# Best way to secure important documents



## mattytun (Aug 12, 2008)

Hi what is the best way to secure importing documents online from threats.

Should I upload to the cloud or is there something else you recommend.


----------



## cwwozniak (Nov 29, 2005)

Important Documents or Importing Documents?

What kind of threats are you concerned about?


----------



## mattytun (Aug 12, 2008)

Hi, the best way to secure important files.

I do have Norton security.


----------



## cwwozniak (Nov 29, 2005)

cwwozniak said:


> What kind of threats are you concerned about?


Losing them because of a failed hard drive?
Malware deleting, stealing, or ransoming the files?
Prevent other people using the same computer from deleting/opening/editing them?
Something else?

What are the file formats of the documents?


----------



## mattytun (Aug 12, 2008)

Hi, the file format is JPEG and text documents im the only person that has access to the computer.

I want the files secure from malware

something like this https://www.newsoftwares.net/folderlock/


----------



## cwwozniak (Nov 29, 2005)

If I were in your position, I would be backing up the files to two USB connected storage devices that would connect to the computer one at a time and only during backups and any file recovery.

If the drives were always connected to the computer, any malware that installed itself on the computer could try to delete or encrypt for ransom any files on USB connected devices. I do not use cloud storage and do not know if there is any way future malware on a computer could access files in the cloud.
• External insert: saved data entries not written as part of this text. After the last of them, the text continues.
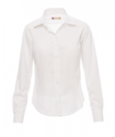 Women’s fine weave combed cotton fitted shirt, pleats at the front and back, Italian-style collar, tailored cuff with 2 buttons and button hole, stitched placket with matching buttons. With yoke. Easy-care fabric.
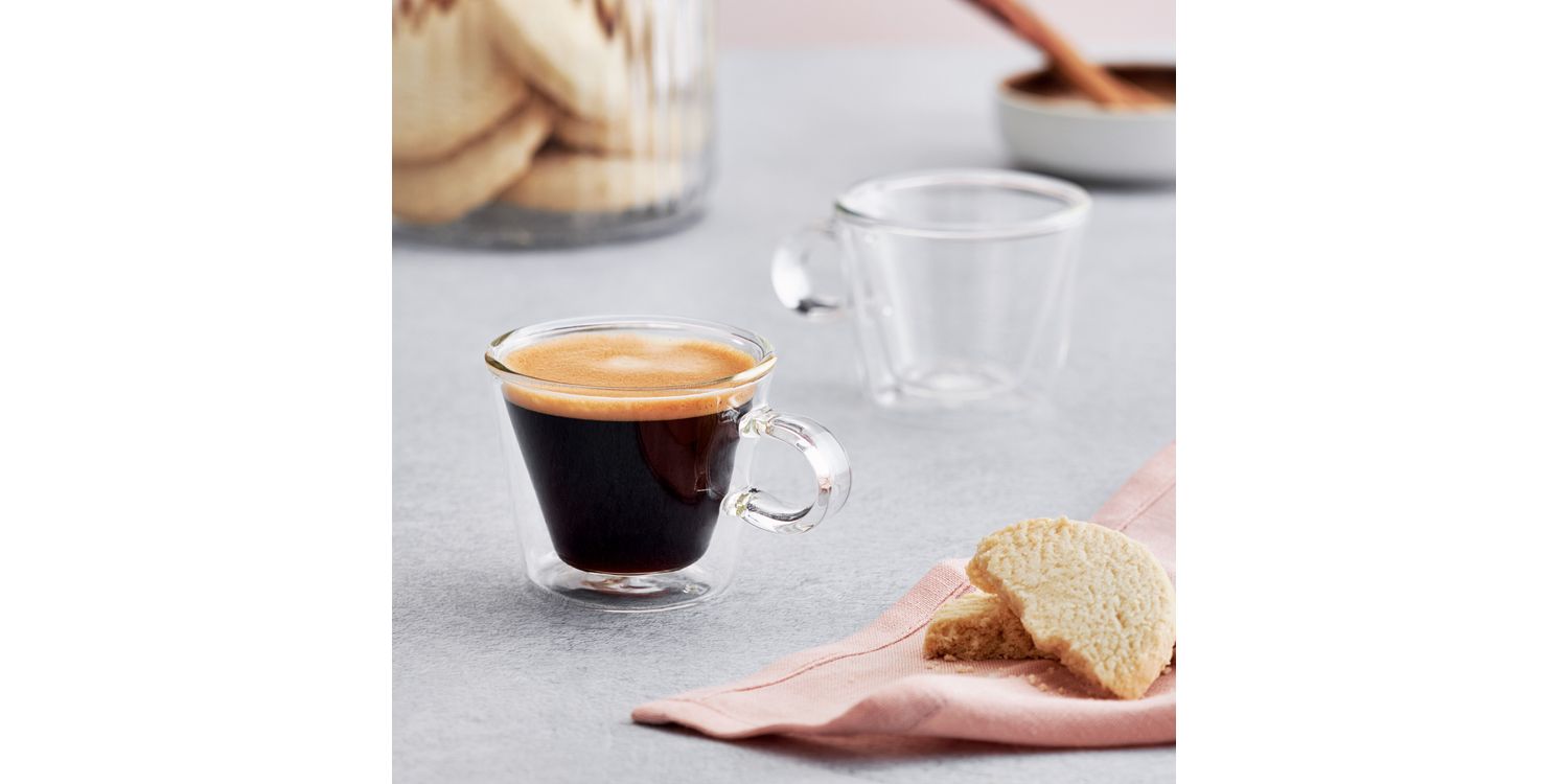 Set of 2 thermally insulated espresso glasses (75ml), hand crafted and individually mouth-blown in a stylish design. Their double walled construction means drinks stay hot for longer while the exterior remains cool to the touch.
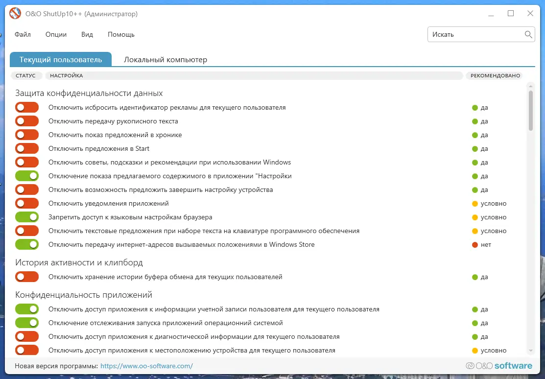 O&O ShutUp10 — это инструмент для тонкой настройки параметров конфиденциальности в операционной системе Windows 10 и выше. Программа позволяет отключить нежелательные функции, связанные со сбором данных, слежением и автоматической передачей информации в облако. Благодаря простому интерфейсу и отсутствию необходимости в глубоких технических знаниях, любой пользователь может быстро усилить защиту своей системы.
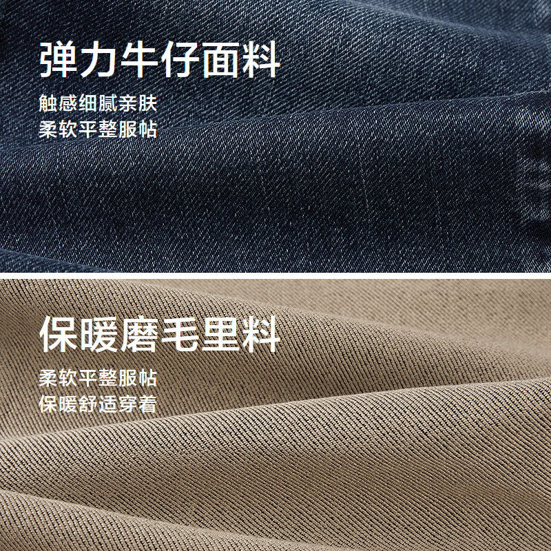 HLA/海澜之家三国演义猫须牛仔裤25秋冬新保暖磨毛弹力直筒裤子男
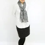 バランスがよいミドルサイズのため、ボリュームを抑えつつ様々な場面で活用できます。巻きでも羽織でもどちらでも使いやすくなっています。

Sequential backups to two storage devices would offer protection should some malware be configured to strike during the backup.

That is my $0.02 worth of how I would handle the backups to protect files from malware. I am sure other members here may have suggestions that are as good as or better than mine.


----------



## mattytun (Aug 12, 2008)

Ok thank you for your very kind help.


----------



## cwwozniak (Nov 29, 2005)

You're welcome.


----------



## lunarlander (Sep 22, 2007)

There are 3 things you might care about when talking about security. Availability, Confidentiality, and Integrity. 

Availability was covered by cwwozniak. Availability is the ability to access the documents when you need it. So such things as malicious deletion of files, or encryption for ransom are things this dimension covers.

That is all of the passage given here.